Sédation et fin de vie dans le cadre de la loi Claes Léonetti

Sedation and end of life under the Claes Léonetti law

Francis Bonnet 1
PMCID: PMC7198212

La sédation de fin de vie, rendue possible sur un plan juridique par la loi Claes Léonetti, avait la réputation d’être mal connue et/ou ma comprise des familles de patients comme des soignants eux-mêmes. Cette loi, dont l’importance sociétale est fondamentale, et peut-être plus encore dans le contexte de l’épidémie COVID-19, a fait l’objet d’un suivi de son application par le Centre national des soins palliatifs et de la fin de vie qui présente ici le résultat d’une enquête, trois ans après sa mise en application [1].

Cette enquête a porté sur 14 établissements dont 11 CHU (et finalement seulement 9 car 2 n’avaient pas de patient en situation durant la période concernée).

Les CHU représentent l’essentiel des établissements concernés par l’enquête ; ceci donne éventuellement une vision un peu biaisée de la situation.
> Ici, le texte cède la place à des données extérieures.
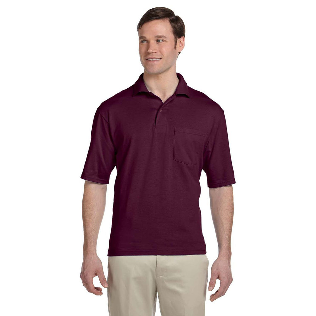 Jerzees Men's Maroon 5.6 Oz Spotshield Pocket Jersey Polo

Ainsi, l’essentiel des procédures engagées l’ont été en situation de réanimation, ce qui explique également que la décision ait été prise la plupart du temps à l’initiative des équipes soignantes et non du patient ou à défaut de la famille.
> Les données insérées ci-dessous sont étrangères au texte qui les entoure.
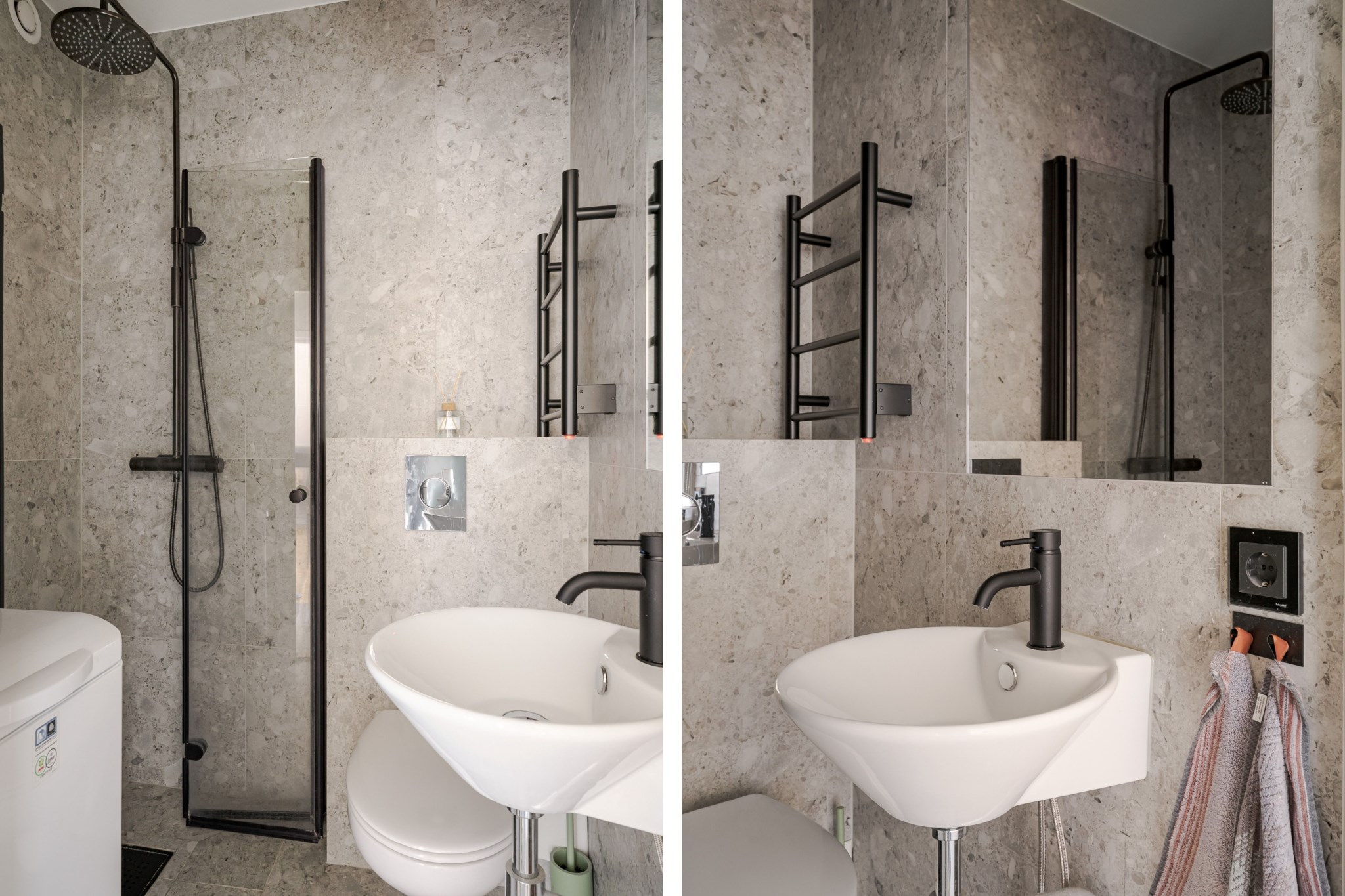 Modernt helkaklat badrum med enhetligt, melerat kakel och klinker. Badrummet är inrett med WC, handfat, spegel, handdukstork samt takdusch med vikbar duschvägg i klarglas.

La deuxième localisation par ordre de fréquence est représentée par les services d’urgences où l’on peut envisager que la décision de sédation terminale a été prise en parallèle avec une décision de non-transfert en réanimation.
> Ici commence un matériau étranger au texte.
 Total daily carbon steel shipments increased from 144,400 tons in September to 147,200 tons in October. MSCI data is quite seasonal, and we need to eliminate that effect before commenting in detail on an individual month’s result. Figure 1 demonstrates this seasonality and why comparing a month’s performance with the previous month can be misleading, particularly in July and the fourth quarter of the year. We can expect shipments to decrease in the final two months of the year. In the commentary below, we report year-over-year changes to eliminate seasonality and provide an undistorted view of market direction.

« Paradoxalement », les unités de soins palliatifs ne représentent qu’une minorité des cas observés ; mais l’on peut supposer qu’une partie de ces unités se trouve en dehors des établissements MCO et n’ont pas été concernées par l’enquête.

On dispose par ailleurs de peu d’éléments pour décrire précisément les conditions d’application de la sédation en dehors du fait que le midazolam et la morphine étaient les agents exclusivement utilisés en réanimation à cet effet. En particulier, la nature des intervenants dans une procédure qui doit être collégiale, impliquant médecins, soignants, famille, personne de confiance, dans la prise de décision, n’est pas précisée. Par défaut on peut penser que la décision était prise par un staff médical qui la signifiait à la famille. Bien sûr, les familles ont accepté la mise en route de la procédure de sédation qui n’aurait pas eu lieu autrement, mais la nature du dialogue qui s’est engagé et le nombre d’entretiens qui ont été nécessaires pour aboutir à la décision ne sont pas renseignés ; or ces éléments peuvent éclairer sur la compréhension des familles, leur préparation à la situation de fin de vie d’un proche, leur compréhension in fine de la procédure qui était proposée. Un autre point important est la traçabilité des décisions auquel il n’est pas fait référence et qui, dans la pratique de la médecine moderne, constitue un point majeur, surtout si les décisions sont contestées ultérieurement.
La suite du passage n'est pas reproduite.